DATA SECTION
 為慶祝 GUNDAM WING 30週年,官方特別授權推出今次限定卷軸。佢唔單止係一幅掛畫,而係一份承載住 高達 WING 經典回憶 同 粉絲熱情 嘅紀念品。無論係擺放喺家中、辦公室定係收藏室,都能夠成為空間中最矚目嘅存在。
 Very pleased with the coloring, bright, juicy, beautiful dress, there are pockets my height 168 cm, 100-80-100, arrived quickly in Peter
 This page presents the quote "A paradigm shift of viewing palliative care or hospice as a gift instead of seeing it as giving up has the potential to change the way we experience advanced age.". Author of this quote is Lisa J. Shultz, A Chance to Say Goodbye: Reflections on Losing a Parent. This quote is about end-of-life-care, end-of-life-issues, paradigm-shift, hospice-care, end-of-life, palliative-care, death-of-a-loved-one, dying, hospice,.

WORK REQUIRED
The data above should be reproduced in full, word for word.

REPLY
 為慶祝 GUNDAM WING 30週年,官方特別授權推出今次限定卷軸。佢唔單止係一幅掛畫,而係一份承載住 高達 WING 經典回憶 同 粉絲熱情 嘅紀念品。無論係擺放喺家中、辦公室定係收藏室,都能夠成為空間中最矚目嘅存在。
 Very pleased with the coloring, bright, juicy, beautiful dress, there are pockets my height 168 cm, 100-80-100, arrived quickly in Peter
 This page presents the quote "A paradigm shift of viewing palliative care or hospice as a gift instead of seeing it as giving up has the potential to change the way we experience advanced age.". Author of this quote is Lisa J. Shultz, A Chance to Say Goodbye: Reflections on Losing a Parent. This quote is about end-of-life-care, end-of-life-issues, paradigm-shift, hospice-care, end-of-life, palliative-care, death-of-a-loved-one, dying, hospice,.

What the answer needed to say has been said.